Restaurant Review: Face Chinese Restaurant, Preston

Face – Needs A Little Lift

Following the flurry of fabulous reviews, I popped into the peculiarly named Face restaurant with high expectations. I was ardently greeted by an older Chinese gentleman, who I suspected of harbouring great esoteric wisdom, but modestly kept the exchange to a warm welcome.

I cunningly sneaked in just before the Early Bird Menu deadline, which provided excellent value for money. With such reasonable prices, Face would need to serve Sweet N’ Sour E-Coli for me not to return.

First impressions were that Face was bright and clean – a shiny face if you will. Ultimately it was all very predictable. There was nothing wrong with the decor, but Preston City Centre cried out for something less ubiquitous. Unfortunately, the atmosphere was drowned by the surrounding sea of empty tables. However, a flurry of ladies proceeded to glide around, providing the most efficient and polite service imaginable.

Like Hong Kong itself, the menu was exciting and diverse. Mercifully, unlike every other Lancashire Chinese restaurant, the menu didn’t overwhelm. It contained ingredients not found anywhere except Nigella Lawson’s pantry, so Face provided a good excuse to eat out. Lesser known Hong Kong dishes such as Frog’s Legs created a talking point if nothing else. Dishes like Lotus Seed Buns, Blackbean Chicken Feet and Beancurd Rolls gave the impression of authenticity. That said, the Deep Fried Mussels felt like a Scotsman’s idea of pescetarianism.

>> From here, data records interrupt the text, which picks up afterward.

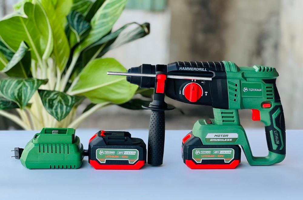 MÁY KHOAN ĐỤC BÊ TÔNG PIN 21V SIÊU KHỎE TOYAMA BT01| CẢ BỘ 2 PIN 21V/4AH + 1 SẠC | GIÁ HƠN 1 TRIỆU
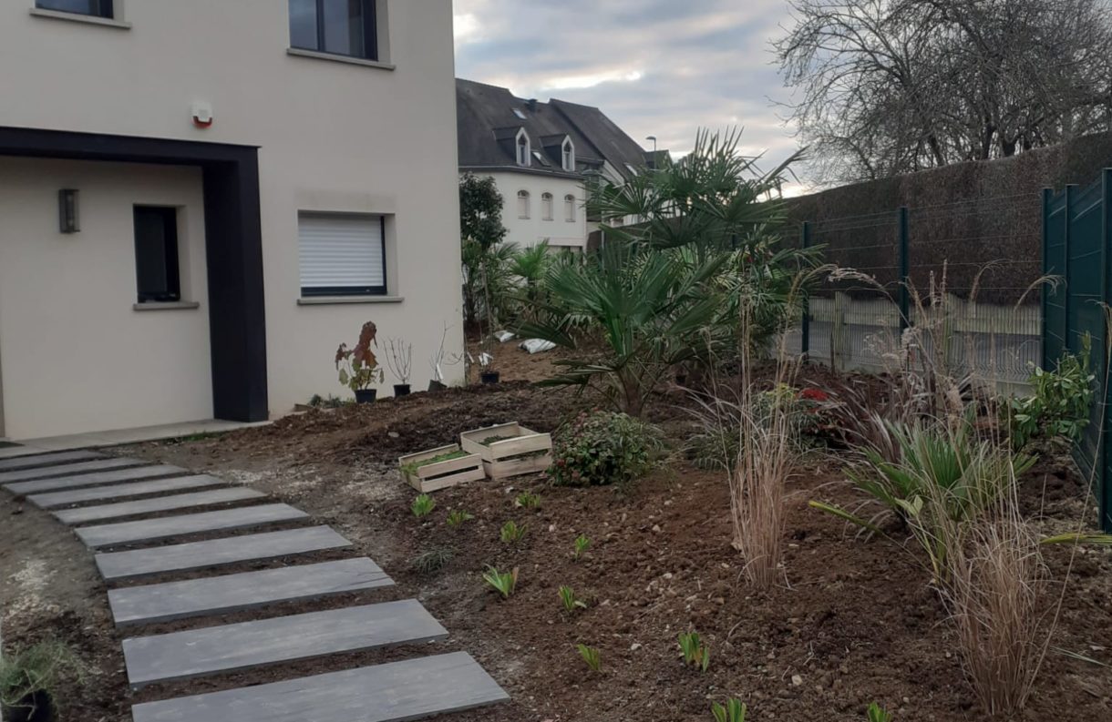 Aménagement d’un jardin comprenant la création de massifs et la réalisation d’un cheminement.
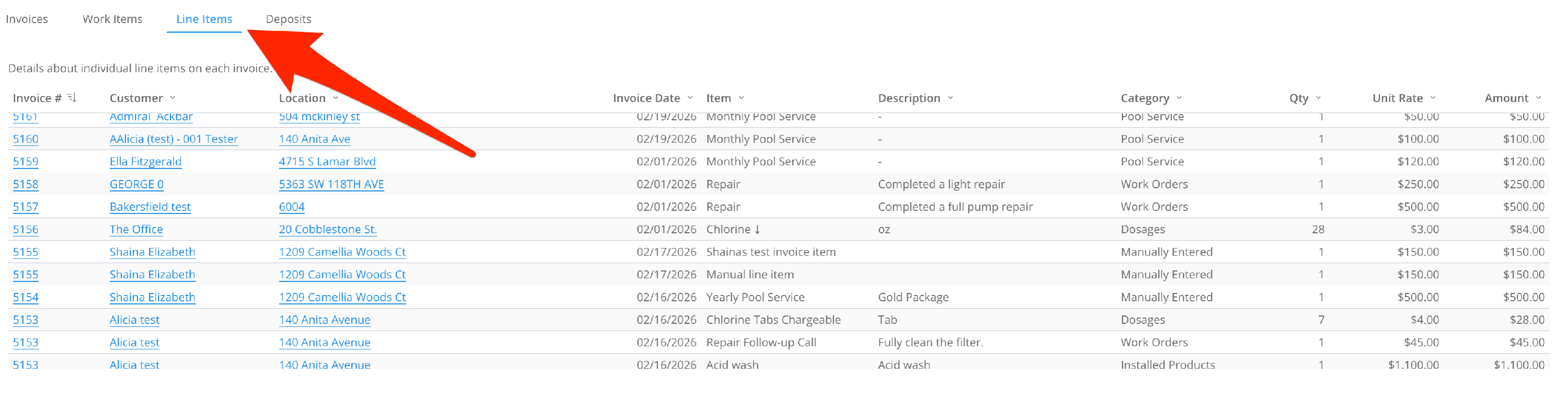 - Line Items gives greater detail for each invoice, down to individual line items.

The piping hot food materialised quickly but consisted primarily of salt and sugar. I was giddily happy. I’m no health freak, sodium chloride and I are best buddies; however, drinking three litres of Coca-Cola to remedy it got tiresome. This kind of dining was good-time food, the MSG filled my veins and my little brain lit up. Despite my opiate like stupor, I didn’t forget other local restaurants outclass it.

Face Chinese Restaurant
Review Summary

Atmosphere 4  Cost 10  Quality 6  Service 9

Face Chinese Restaurant Preston
Deep Fried Mussel
*Since this review was first published, Face Chinese Restaurant is unfortunately no longer with us – hence the lack of link*

Restaurant Review: The Chinese Buffet, Preston

The Chinese Buffet – You Dim Sum You Lose Sum

Despite the no-nonsense name, The Chinese Buffet in Preston suffered from an identity crisis. Set on the extremity of the charmless Fishergate Centre, with a panoramic view of nothing, in particular, it struggled to gain a sense of character. The Chinese Buffet is 9,200 square metres, spread over three stories, which didn’t help create an ambience. The music was an incredible mix of Eurovision song contest B-Sides, poorly mixed with vaguely East Asian melodies.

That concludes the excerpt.